Let `A=[(5,5alpha,alpha),(0,alpha,5alpha),(0,0,5)]`. If `|A|^2=25`, then `|alpha|` is equal to :

To solve the problem, we need to find the value of \(|\alpha|\) given the matrix \(A\) and the condition \(|A|^2 = 25\). The matrix \(A\) is given as: \[ A = \begin{pmatrix} 5 & 5\alpha & \alpha \\ 0 & \alpha & 5\alpha \\ 0 & 0 & 5 \end{pmatrix} \] ### Step 1: Calculate the determinant of matrix \(A\) To find the determinant of \(A\), we can use the formula for the determinant of a \(3 \times 3\) matrix: \[ |A| = a(ei - fh) - b(di - fg) + c(dh - eg) \] where the matrix is: \[ \begin{pmatrix} a & b & c \\ d & e & f \\ g & h & i \end{pmatrix} \] For our matrix \(A\): - \(a = 5\), \(b = 5\alpha\), \(c = \alpha\) - \(d = 0\), \(e = \alpha\), \(f = 5\alpha\) - \(g = 0\), \(h = 0\), \(i = 5\) Now, substituting into the determinant formula: \[ |A| = 5(\alpha \cdot 5 - 5\alpha \cdot 0) - 5\alpha(0 \cdot 5 - 5\alpha \cdot 0) + \alpha(0 \cdot 0 - 0 \cdot \alpha) \] This simplifies to: \[ |A| = 5(5\alpha) - 0 + 0 = 25\alpha \] ### Step 2: Use the condition \(|A|^2 = 25\) We are given that \(|A|^2 = 25\).

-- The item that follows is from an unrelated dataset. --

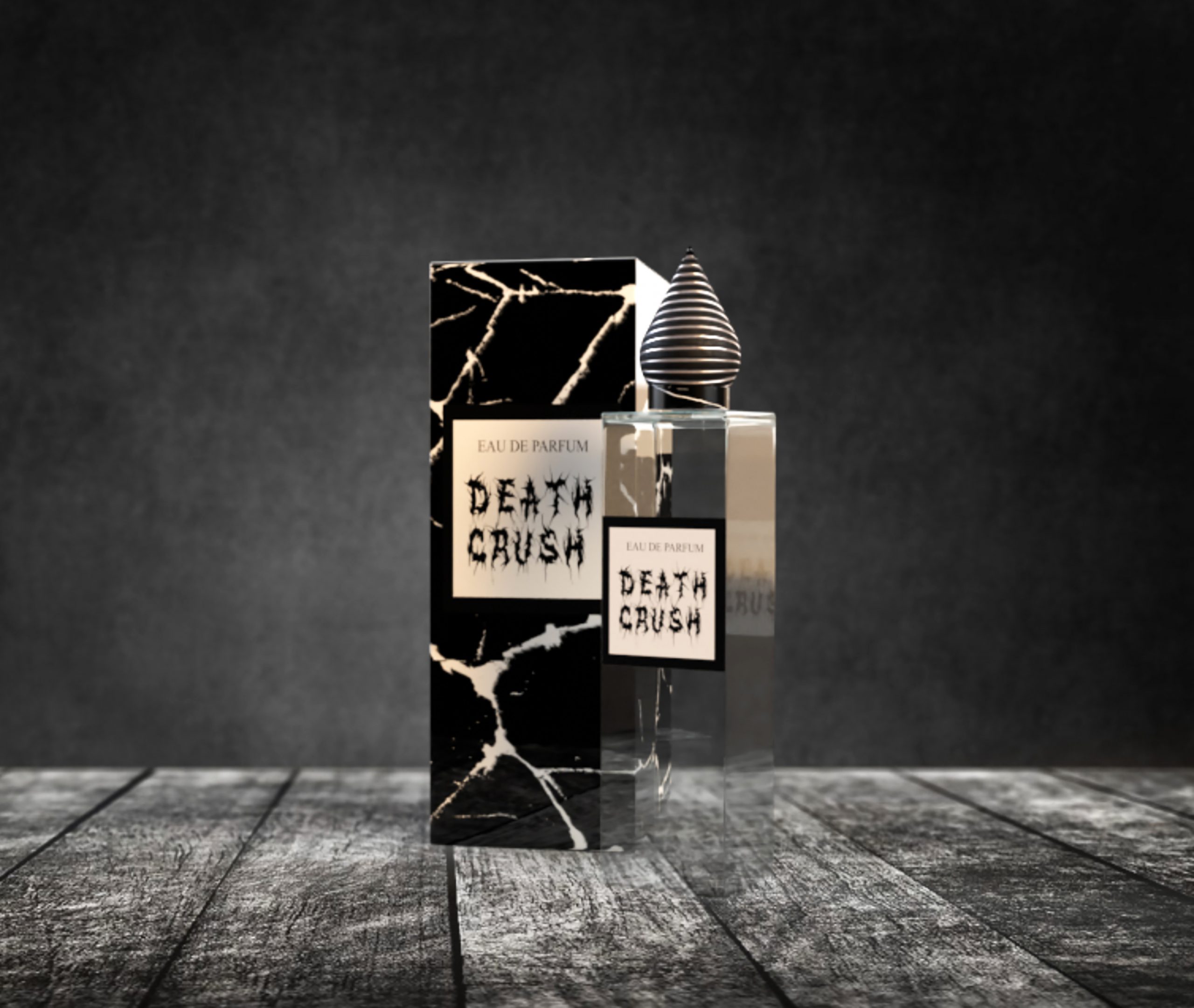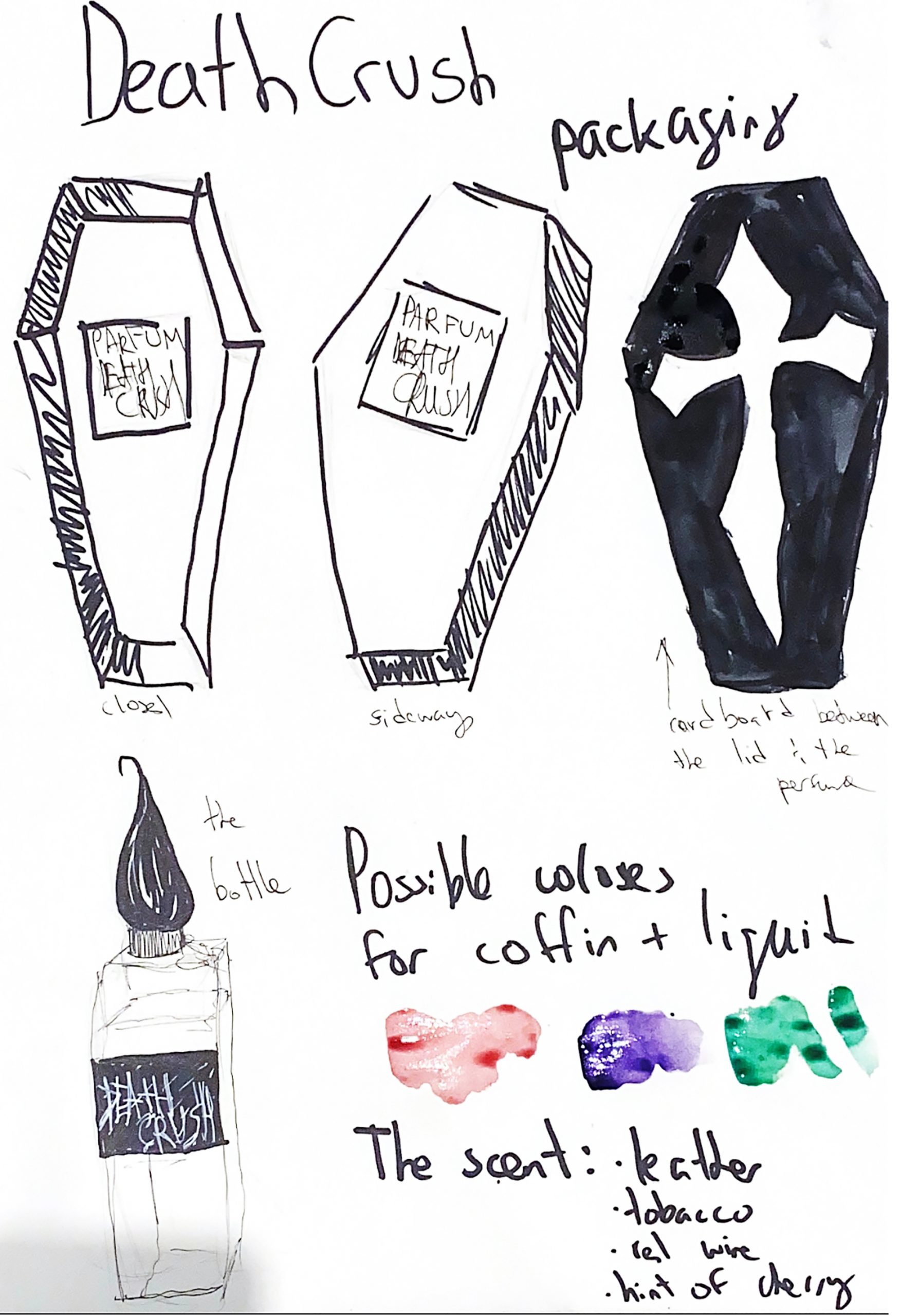 When creating the look for the perfume, I was inspired by the Goth and Metal subcultures. I wanted to create a product that would t right in with the dark and mysterious aesthetic that subcultures have, especially for the women of the scene. I also attribute myself to the metal subculture, and a lot of the people I know around me are also in that scene. This helped me to get the right look and the right scents for Deathcrush. I got the name from the song Deathcrush, written by a great black metal band- Mayhem. In the sketches below, you can see how I brainstormed the logo; my inspiration for it was the logos used in black metal album covers, hence the name choice. I initially wanted to place the perfume inside a coffin-shaped box but ended up with a beautiful and alluring black marble box, which I do believe looks more appealing in this situation. The scents that this perfume has are wild cherry, red wine, Rich tobacco, and a hint of leather; this mix of gorgeous bouquets perfectly describes the nature of my target audience.

Therefore: \[ (25\alpha)^2 = 25 \] This simplifies to: \[ 625\alpha^2 = 25 \] ### Step 3: Solve for \(\alpha^2\) Dividing both sides by 625: \[ \alpha^2 = \frac{25}{625} = \frac{1}{25} \] ### Step 4: Find \(|\alpha|\) Taking the square root of both sides gives: \[ |\alpha| = \sqrt{\frac{1}{25}} = \frac{1}{5} \] Thus, the final answer is: \[ |\alpha| = \frac{1}{5} \]